Recorded information -
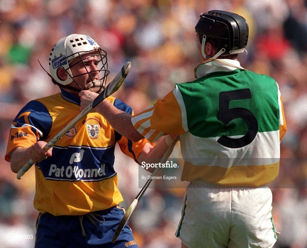 9 August 1998; Ger O'Loughlin of Clare and Brian Whelahan of Offaly involved in a tussle during the GAA Hurling All-Ireland Senior Championship Semi-Final match between Offaly and Clare at Croke Park in Dublin. Photo by Damien Eagers/Sportsfile
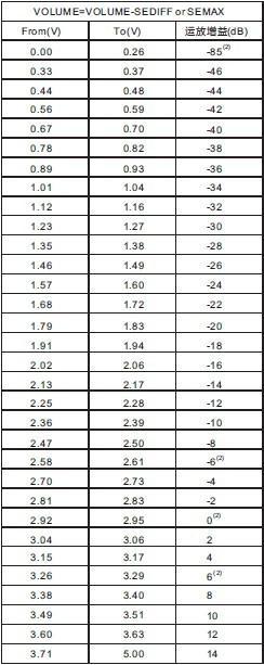 SEDIFF腳調(diào)節(jié)耳機(jī)模式的音量。耳機(jī)音量大小取決于VOLUME腳、SEDIFF腳的電壓差。例如:當(dāng)VDD=5V時(shí),VOLUME電壓=2.95V,SEDIFF電壓=1V,則耳機(jī)增益為-18dB(具體增益對(duì)應(yīng)的電壓點(diǎn)請查表2)。.此腳對(duì)BTL模式無效
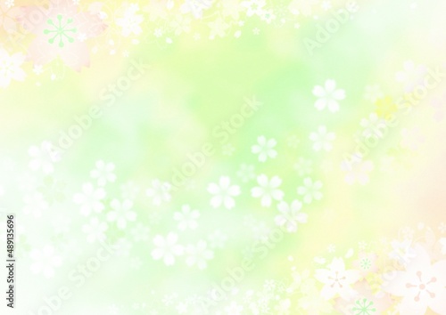 一面に花が咲く黄緑の背景イラスト

The problem -
Return the lines above exactly; the images are not part of the copy.

Output of the exercise -
 9 August 1998; Ger O'Loughlin of Clare and Brian Whelahan of Offaly involved in a tussle during the GAA Hurling All-Ireland Senior Championship Semi-Final match between Offaly and Clare at Croke Park in Dublin. Photo by Damien Eagers/Sportsfile
 SEDIFF腳調(diào)節(jié)耳機(jī)模式的音量。耳機(jī)音量大小取決于VOLUME腳、SEDIFF腳的電壓差。例如:當(dāng)VDD=5V時(shí),VOLUME電壓=2.95V,SEDIFF電壓=1V,則耳機(jī)增益為-18dB(具體增益對(duì)應(yīng)的電壓點(diǎn)請查表2)。.此腳對(duì)BTL模式無效
 一面に花が咲く黄緑の背景イラスト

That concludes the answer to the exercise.